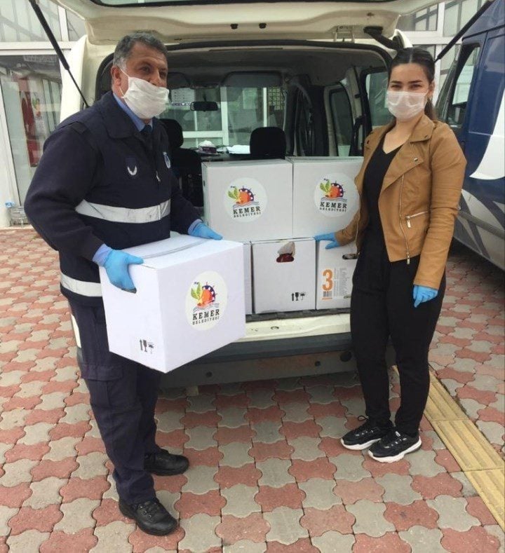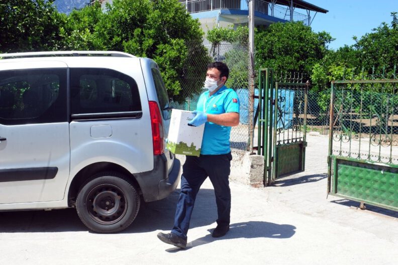 Kemer Belediye ekipleri, Belediye Başkanı Necati Topaloğlu’nun talimatıyla korona virüs salgını süresince ihtiyaç sahiplerine ve ilçede yaşayan engelli vatandaşlara 6 bin adet gıda paketi dağıttı.
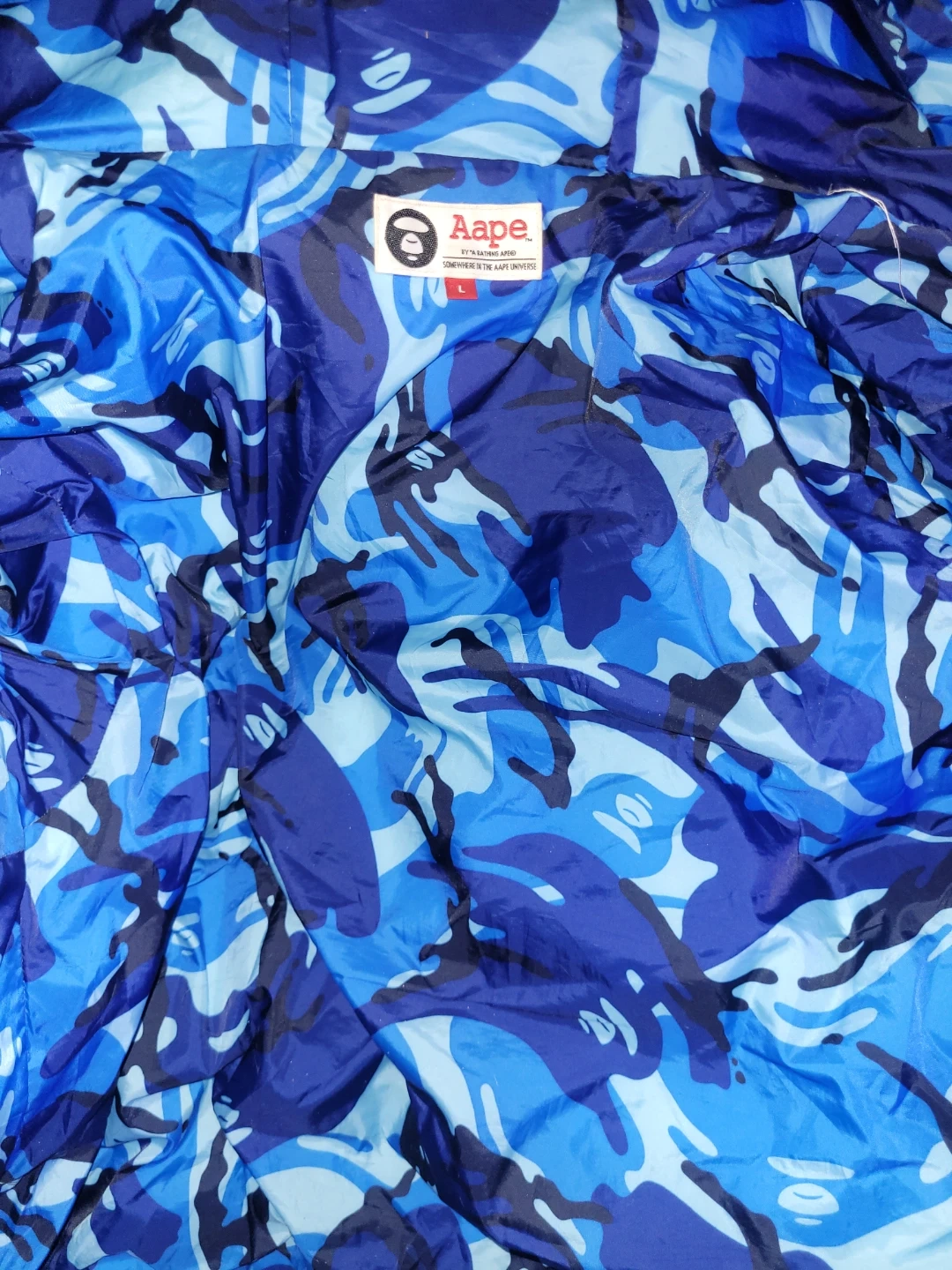 Check out this Aape by A Bathing Ape puffer jacket! It features a cool blue camo design and is a size L. Perfect for staying warm and stylish!
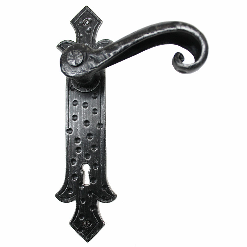 • Artistic wrought iron door handle on plate.
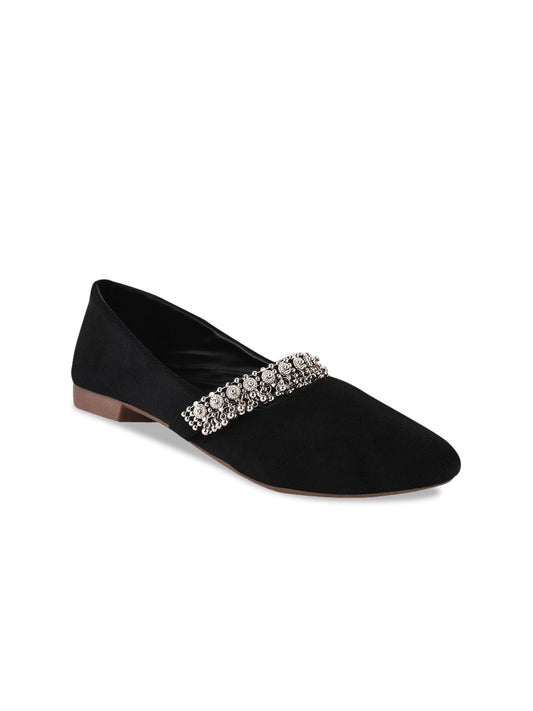 Shoetopia Black Embellished Pointed Toe Suede Ballerinas
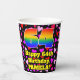 This colourful and fun birthday paper cup design features a large number “64” with a rainbow spectrum gradient inspired pattern, along with the message “Happy 64th Birthday,”, and a customisable name. The background features a pattern of heart shapes with colours like purple, red, and pink. Cheerful, fun paper cups like this might be fun to have at a birthday celebration being held in celebration of somebody’s sixty fourth birthday. [~Z0000548]
++++++++++++++++++++
What the exercise asks -
Please transcribe exactly the line containing "handle on plate." and every later line through the end of the records above, omitting pictures.

Answer to this problem -
 • Artistic wrought iron door handle on plate.
 Shoetopia Black Embellished Pointed Toe Suede Ballerinas
 This colourful and fun birthday paper cup design features a large number “64” with a rainbow spectrum gradient inspired pattern, along with the message “Happy 64th Birthday,”, and a customisable name. The background features a pattern of heart shapes with colours like purple, red, and pink. Cheerful, fun paper cups like this might be fun to have at a birthday celebration being held in celebration of somebody’s sixty fourth birthday. [~Z0000548]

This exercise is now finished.